For John Folkes, it all began with a simple command, and a blinding flash. It was September 1956, and he was flying 18,000ft over Maralinga, Australia, secured in his seat by a single lap and shoulder strap, when a 15 kiloton atomic device – as powerful as the weapon that had devastated Hiroshima a decade before – was detonated over the desert plains below.
Two days earlier, the 19-year-old had been told that his job was to head directly into the mushroom cloud and collect a sample of the radiation released by the blast.

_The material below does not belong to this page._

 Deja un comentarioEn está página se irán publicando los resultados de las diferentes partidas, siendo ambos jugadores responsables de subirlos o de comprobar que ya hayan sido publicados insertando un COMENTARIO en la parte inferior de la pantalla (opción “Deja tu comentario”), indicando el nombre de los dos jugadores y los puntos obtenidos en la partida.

The flash blazed beneath him, forming an image that would terrorise Folkes’s dreams for the remainder of his life: it was “an inferno”, he recalls, describing “crimson and black smoke billowing up towards us”.

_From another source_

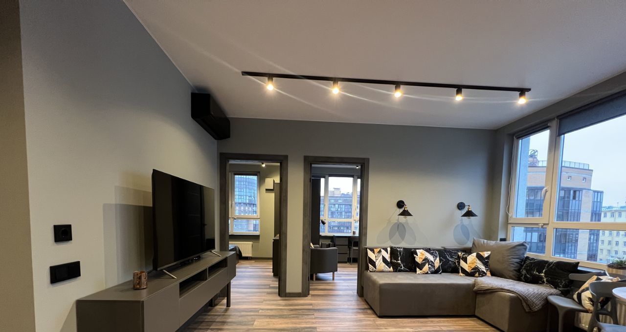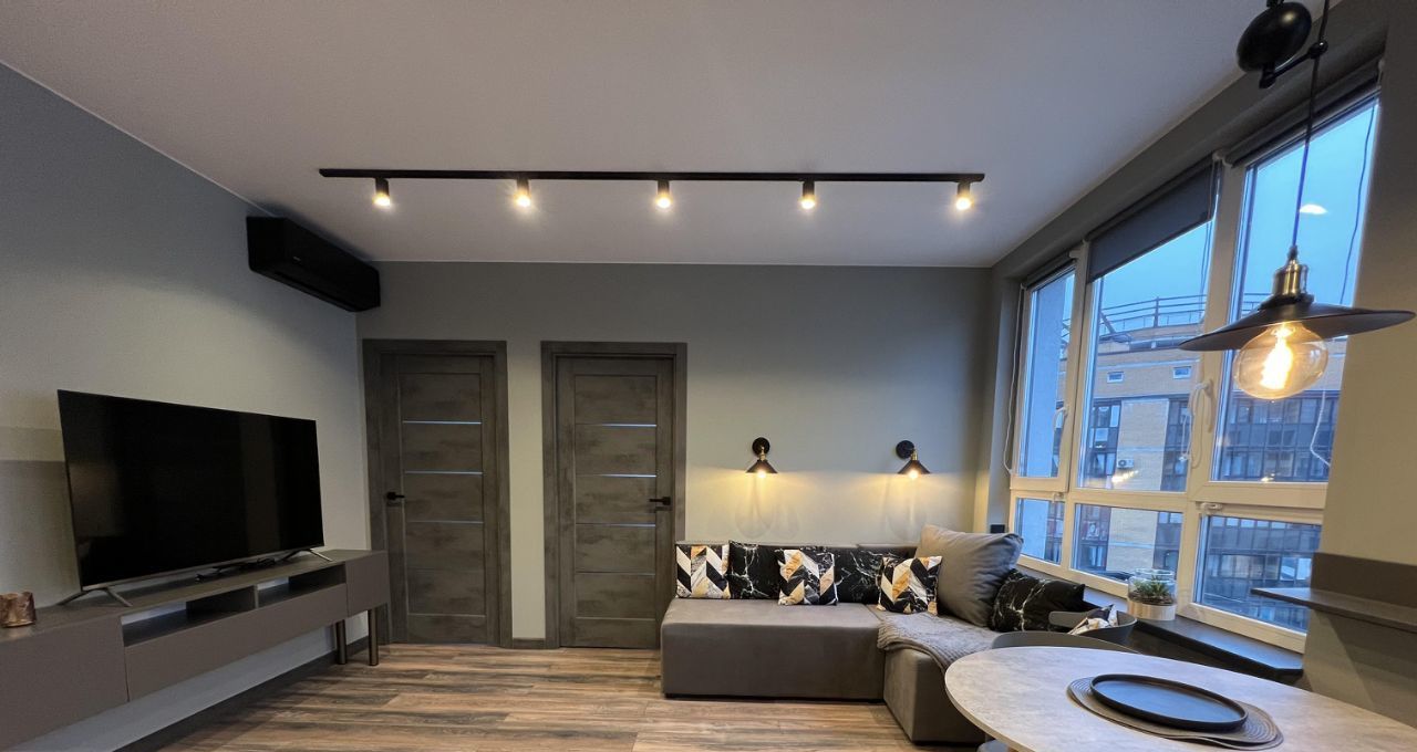В квартире много естественного света и воздуха. Во всех помещениях три варианта освещения - общее, точечное и теплое вечернее.

“The cloud was rising, it was coming up faster than we expected, but there was no turning round, no brakes on a plane. That’s when I thought ‘We’re not going to make it.’”
They sped up. Suddenly, all the gauges in the cockpit were spinning out of control. Folkes shared a look with the pilot. “No more than four seconds later, we were hit with this enormous shockwave, which flipped the aircraft over on its back, leaving me suspended in the air on these straps.” Unfathomably, they made it safely to the ground – “By the hand of God,” says Folkes, who is now 89 and lives in Thanet. The moment he stepped off the plane, his hands began violently shaking, and they haven’t stopped since.
Folkes was working as part of Operation Buffalo, carried out by the UK’s Atomic Weapons Establishment. He was just one of thousands of young men whose lives were treated as little more than collateral damage in Britain’s race to become a global nuclear power.